2.4. Enrichment Analysis (Gene Ontology [GO]/Kyoto Encyclopedia of Genes and Genomes [KEGG])
To explore the potential molecular mechanism of key genes associated with PD and inflammation, we used the Database for Annotation, Visualization, and Integrated Discovery (DAVID) (Version 6.8) (https://david.ncifcrf.gov/home.jsp) [23] to finish GO annotation analysis and KEGG analysis of DEGs. GO analysis includes biological process (BP), cellular component (CC) and molecular function (MF). The significant enriched functions and pathways were selected with p value < 0.05 [24]. The results of the enrichment analysis were visualized by using the ggplot2 in R package.
3. Construction of the Protein-Protein Interaction (PPI) Network
To obtain the interaction relationship between DEGs, the PPI network was constructed based on all DEGs by the online tool STRING (https://string-db.org/) [25]. Next, we downloaded the interaction information and optimized the PPI network with Cytoscape software (v3.7.0) [26, 27] for better visualization. Based on the PPI network, the top 10 nodes ranked by the degree algorithm were considered as hub genes.

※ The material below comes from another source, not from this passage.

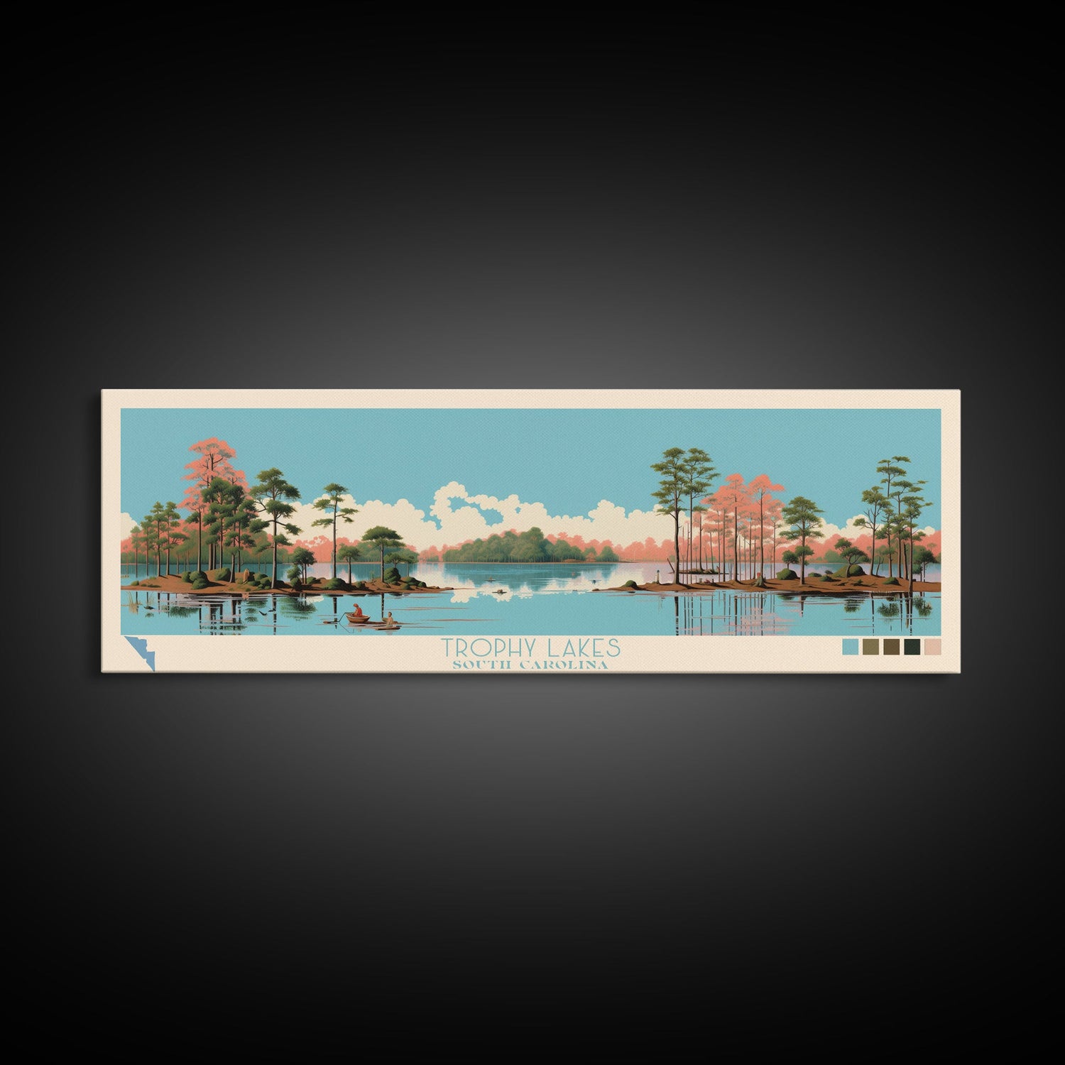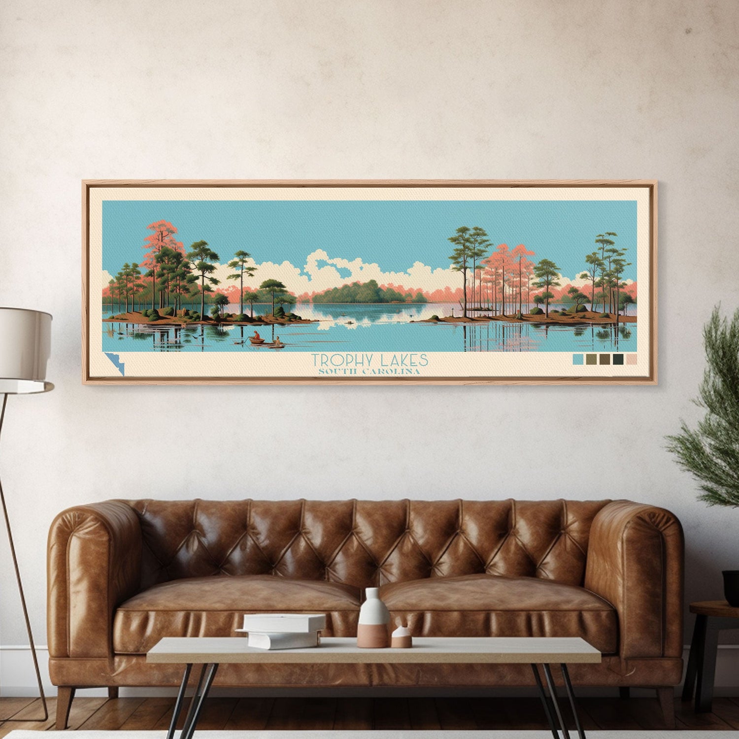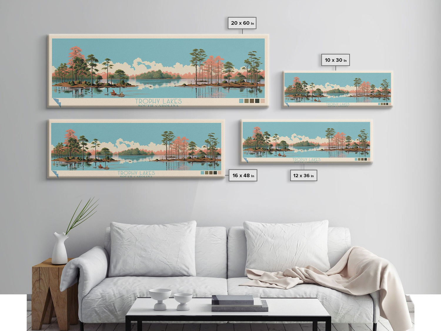 Trophy Lakes, South Carolina Framed Canvas Print, Lake House Decor, Midcentury Modern Art, Pop Art, Travel Poster, Living Room Wall Art - 10x30 Inches / No Frame - Stretched Canvas Only is backordered and will ship as soon as it is back in stock.

3.1. Validation of Core Genes
3.1.1. Patient Selection
Between August 2023 and December 2023, we recruited 10 patients with primary PD at Sun Yat-sen Memorial Hospital, Sun Yat-sen University. The included patients met the clinical diagnosis criteria issued by the United Kingdom Parkinson’s Disease Society Brain Bank (UK-PDSBB). The exclusion criteria for recruitment of PD patients were as follows: (1) age < 18 years; (2) limb tremors or bradykinesia due to other causes; (3) presence of cerebrovascular diseases, systemic inflammatory, or autoimmune diseases; (4) presence of malignant tumors. Additionally, 10 age- and sex-matched HCs were recruited from the Physical Examination Center of Sun Yat-sen Memorial Hospital to serve as the control group. All HCs underwent eligibility screening with the same exclusion criteria as the PD patients. This study was conducted in accordance with the Declaration of Helsinki (2013 revision). The study received ethical approval from the Ethics Committee of Sun Yat-sen Memorial Hospital, and all participants provided informed consent (Ethical Review Number: SYSKY-2022-513-01).
3.1.2. Blood Samples
Peripheral blood mononuclear cells (PBMCs) were extracted from 5 mL of peripheral blood using human PBMC separation solution according to the manufacturer’s instructions. Subsequently, 1 mL of TRIzol reagent (ThermoFisher) was added to the cell pellet, which was then fully dissolved and stored at −80°C.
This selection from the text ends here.